Среди арб в расстегнутом, помятом пиджачишке суетился Юдл Пискун, время от времени хрипло покрикивая на Коплдунера, который стоял на молотилке без рубашки, черный от загара и пыли, и подавал колосья к барабану:
— Быстрей пошевеливайся!
Коплдунер его не слышал, а то бы он, конечно, огрызнулся, как уже бывало не раз.
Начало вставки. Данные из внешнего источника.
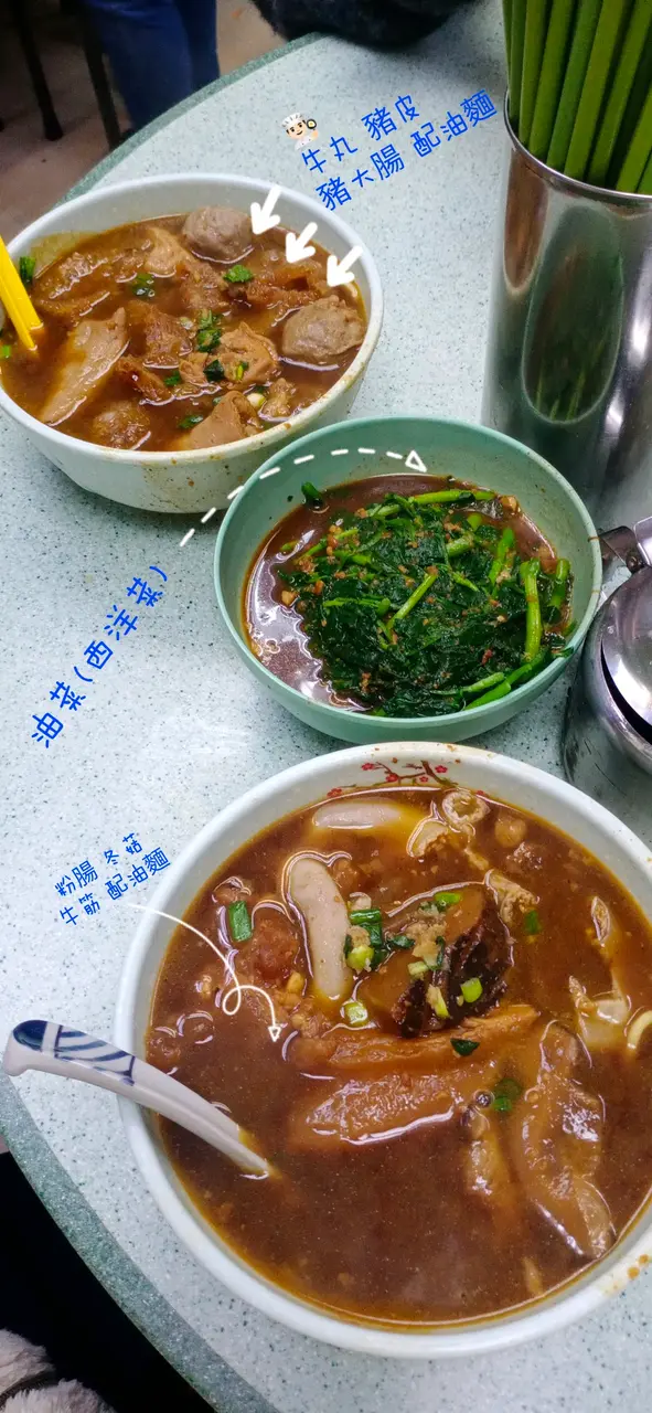 收工同男朋友去CWB逛,睇下晚餐邊到食突然想食牛筋,我地就衝過嚟呢到食晚市收工時段,大約有5-6個客排緊隊排一陣就入得,因為車仔麵通常都快食快走我地各自叫左3餸食呢到d油菜得一款西洋菜,冇第二款菜菜份量係正常足料🍜我就食冬菇,粉腸,牛筋配油麵佢地d湯好濃,同埋本身個湯落左勁少bb 辣唔會辣到出汗,但係食完好暖個油麵唔似出面有d鋪係用勁粗身呢到係用中size果款粗幾好味哦,因為口感夠彈d餸菜都足料,至少每款有2-3件冬菇好厚身,粉腸就麻麻地,過冧了牛筋係多筋少肉的,但煮得又係過冧了🍜男朋友食豬大腸,豬皮,牛丸配油麵我試左粒牛丸,牛丸有d細粒,冇咩特別整體嚟講我覺得湯係好味,油麵都好彈口不過餸菜就普通,但份量係足料同價錢合理查看更多
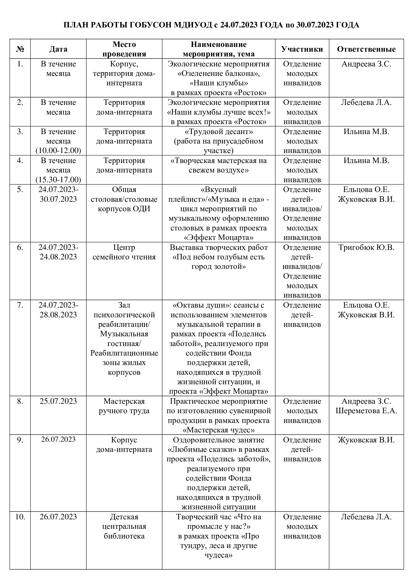 План мероприятий с 24.07.2023 по 30.07.2023

Барабан с глухим гудением подхватывал колосья, стучали решета, поднимая вокруг себя пыль, и молотилка так дрожала, что казалось, вот-вот развалится. Коплдунер стоял, широко расставив ноги, ловким движением подавая одну охапку колосьев за другой, и хмуро поглядывал вниз, где в балке зеленела кукуруза.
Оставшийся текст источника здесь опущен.